The orbiting ultraviolet satellite which ultimately became the IUE mission was first proposed in 1964 by British astronomer Robert Wilson. The European Space Research Organisation (ESRO) was planning a Large Astronomical Satellite (LAS), and had sought proposals from the astronomical community for its aims and design. Wilson headed a British team which proposed an ultraviolet spectrograph, and their design was recommended for acceptance in 1966.

However, management problems and cost overruns led to the cancellation of the LAS program in 1968. Wilson's team scaled down their plans and submitted a more modest proposal to ESRO, but this was not selected as the Cosmic Ray satellite was given precedence. Rather than give up on the idea of an orbiting UV telescope, they instead sent their plans to NASA astronomer Leo Goldberg, and in 1973 the plans were approved. The proposed telescope was renamed the International Ultraviolet Explorer.

=== Design and aims ===
The telescope was designed from the start to be operated in real-time, rather than by remote control. This required that it would be launched into a geosynchronous orbit – that is, one with a period equal to one sidereal day of 23 h 56 m. A satellite in such an orbit remains visible from a given point on the Earth's surface for many hours at a time, and can thus transmit to a single ground station for a long period of time. Most space observatories in Earth orbit, such as the Hubble Space Telescope, are in a low Earth orbit in which they spend most of their time operating autonomously because only a small fraction of the Earth's surface can see them at a given time. Hubble, for example, orbits the Earth at an altitude of approximately 600 km, while a geosynchronous orbit has an average altitude of 36000 km.

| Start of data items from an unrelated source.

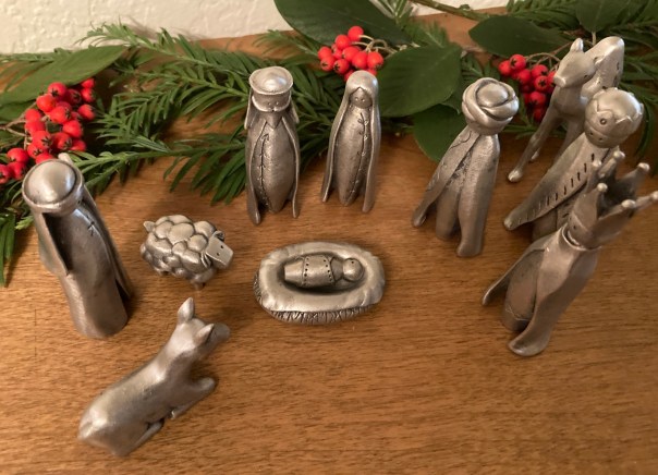 Because of the comings and goings all week, I didn’t wait for Christmas Day or Epiphany, but put the Baby Jesus and the Wise Men in their places at the outset. I’d like to wait until the Presentation of Christ on February 2nd to take down the tree, and to put away the Nativity scene. I’ll need to gather some fresh greenery from the bike path before then!
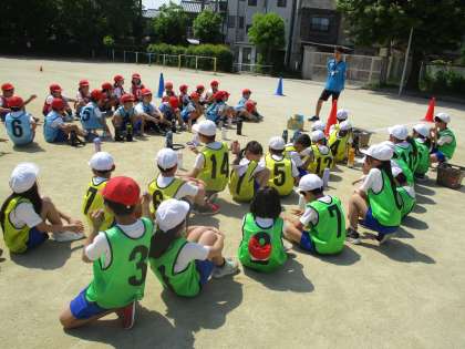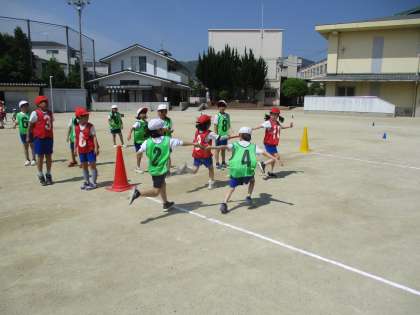 待っている子どもたちから、応援の声が運動場に響き、みんなで楽しく体育の学習ができました。
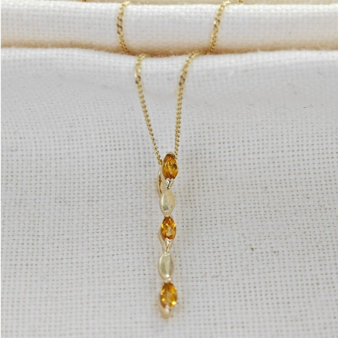 Elegant 9ct Gold marquise trilogy drop African Citrine pendant. Ojewellery design and part of our first full gold collection. Produced in very small quantities you will only find this pendant from Ojewellery direct.
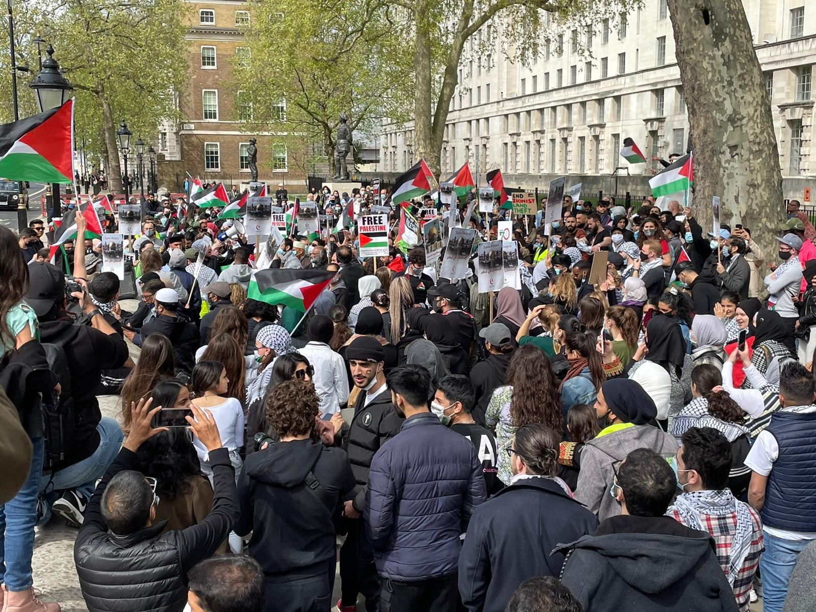ورفع المتظاهرون الأعلام الفلسطينية، ويافطات تندد بالاعتداءات الهمجية التي تنفذها المنظمات الصهيونية ضد الشعب الفلسطيني، الهادفة إلى إحداث نكبة فلسطينية جديدة بإخلاء ما يقارب العوائل الفلسطينية من حي الشيخ جراح في مدينة القدس المحتلة، وإقامة بؤرة استيطانية كبيرة، بهدف تنفيذ مخطط التهويد الكبير داخل مدينة القدس المحتلة.
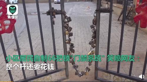 7)辽宁沈阳一小区居民设计了一个66把锁连成的“门禁系统”。每把锁都有标号,小区车主只需拿钥匙打开对应锁头,就能打开大门。居民表示目的就是防止外来车辆进入,是全体业主共同决定的。
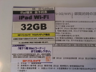 とうとうiPadが発売になりましたね。ヨドバシカメラなら、これまでにためたポイントと、飛行機のマイルをEdyに換金し、少し現金を足すと買えそうです。ということで予約をしてきました。明日の夕方には手にすることができそうです。こんな用途がはっきりしないいいかげんなものを、久しぶりに手にすることができる、ワクワクを感じています。明日は万全の態勢で受け取りに行けるよう、久しぶりに夜中まで残業をして終電車で帰ってきました。明日が楽しみです。予約券がいい加減そうな感じが出ており、下手な学園祭のチケットの様で、笑っちゃいました。
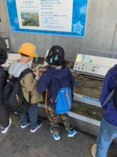 グループごとに見学しています。2年生がリーダシップを発揮しています。1年生も2年生と一緒で安心して興味をもって見学しています。
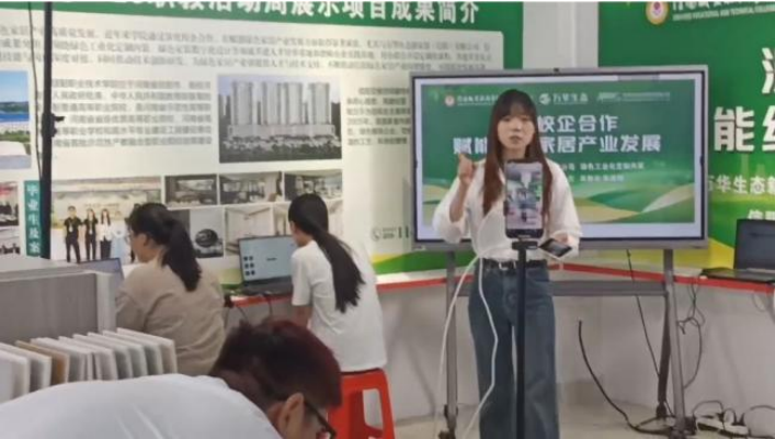 球王会体育官方网站展区邀请了信阳交换空间装饰有限公司和万华生态新家装(信阳)有限公司两家合作企业。万华生态集团展示了家装装配式预制模块及人造生态板材,这些展示内容不仅吸引了众多参观者的目光,也体现了建筑装饰行业的高效、环保发展趋势。信阳交换空间装饰有限公司则将“直播设计工坊”搬至现场,通过直播,企业直观地向观众解析了装修全流程和装修新工艺,让参观者能够近距离了解建筑装饰行业的实际操作过程。这种创新的展示方式不仅展示了企业的实力,也体现了学院与企业深度合作的成果。

As well as allowing continuous communications with ground stations, a geosynchronous orbit also allows a larger portion of the sky to be viewed continuously. Because the distance from Earth is greater, the Earth occupies a much smaller portion of the sky as seen from the satellite than it does from low Earth orbit.

A launch into a geosynchronous orbit requires much more energy for a given weight of payload than a launch into a low Earth orbit. This meant that the telescope had to be relatively small, with a 45 cm primary mirror, and a total weight of 312 kg. Hubble, in comparison, weighs 11.1 tonnes and has a 2.4 m mirror. The largest ground-based telescope, the Gran Telescopio Canarias, has a primary mirror 10.4 m across. A smaller mirror means less light-gathering power, and less spatial resolution, compared to a larger mirror.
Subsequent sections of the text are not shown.